Wednesday, November 15, 2006

Death and Reincarnation: Xena #1 (2006)

I should have loved a thunderbird instead;
At least when spring comes they roar back again.
I shut my eyes and all the world drops dead.
(I think I made you up inside my head.)

-- Sylvia Plath


Main Heroes: Xena, Gabrielle
Minor Heroes: Joxer, Autolycus

Major Villains: Levitriol, Hydra
Minor Villains: Greek gods, Egyptian gods


When a gift from the Egyptian god Ra to Isis is stolen, the Egyptian gods blame the Greeks and declare war. During all-encompassing battle, a hydra attacks a passenger vessel. Luckily Xena and Gabrielle are aboard and quickly dispatch with the beast. Joxer, also on board, steals a lifeboat and the three ride to shore. There, they find a bunch of Egyptian beasts attacking a Greek town.
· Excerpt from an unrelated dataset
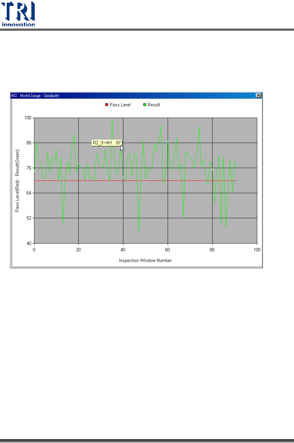 綠色是每顆元件檢測平均值,紅色是該參數的比對條件,在圖上點選可顯示出元件名

Meanwhile, Zeus receives a messenger from his Egyptian counterpart Ra. The messenger states that the war is killing all of their worshippers, and that the war could be ended with less bloodshed if the parties each choose a Champion, who will fight on behalf of their gods in single combat.

As Xena and company flee the Egyptian monsters, the find Autolycus tied to a tree, and rescue him just before he is to be killed by the giant Levitriol. At this point, the Greeks gods start looking on, trying to choose a champion. Hades suggests Callisto, and Ares suggests Xena, but Zeus is impressed by Levitriol. As they watch the fight, Zeus determines that his Champion will be either Levitriol, or whomever defeats him. Xena and Levitriol fight, with Gabrielle as backup and Joxer and Autolycus nowhere to be seen. When Xena flips Levitriol off of her, though, she flies through the air and is accidentally impaled on Gabrielle's staff. Zeus thus choosing Gabrielle to serve as his Champion in the battle with the Egyptians.


It is either a strength or a weakness of fantasy in general (and comics in particular), that everyone's a potential "firebird". As any real Xenaphile knows, Xena was killed in the final episode of the TV series (okay -- I never actually watched that particular episode, but I watched enough of them.) And yet, there she is, walking around and kicking butt. It has reached the point where we can completely elide over how she came back to life. While the next arc of Xena (starting at #5) is supposed to fill in the gaps and explain how she returned, that is almost irrelevant at this point. For the first issue, though, a couple of short points:

1. Levitriol. This just completely cracked me up! A perfect name for a giant, macho villain! (For those who have functioning Spam filters, Levitrol is a male "enhancement" supplement).

2. The outfit. It's the same on, in general, that she had in on TV, with metal circles around her breasts, curving down to a point just above her navel, but in the comic book it looks a lot more like a cutesy heart, which I don't like. (See art, above).

3. The art. Spotty. Some images are very good. A bunch of them, though, just don't cut it. In Xena's first appearance, I was trying to figure out why Gabrielle was with an Asian woman in Xena's outfit. It would have been an interesting plot point, but it turned out to just be a poorly drawn Xena.

4. The writing. I am liking the writing, though, and it gets better after Callisto shows up. Good writing trumps bad art any day.

5. The covers. Each issue, so far, has come in a choice of three covers -- two drawn, and one with a picture of Lucy Lawless. I have been picking one of the drawn covers (whichever one I like best). Seems like a little overkill, though, for a low circulation comic. The Lucy Lawless cover of the next issue has always been the back cover, so I'm getting 2 out of 3 anyway.

6. The hydra. Wasn't the whole point of the hydra that when you caught off a head, two immediately grew back in its place? That's certainly not what happened here.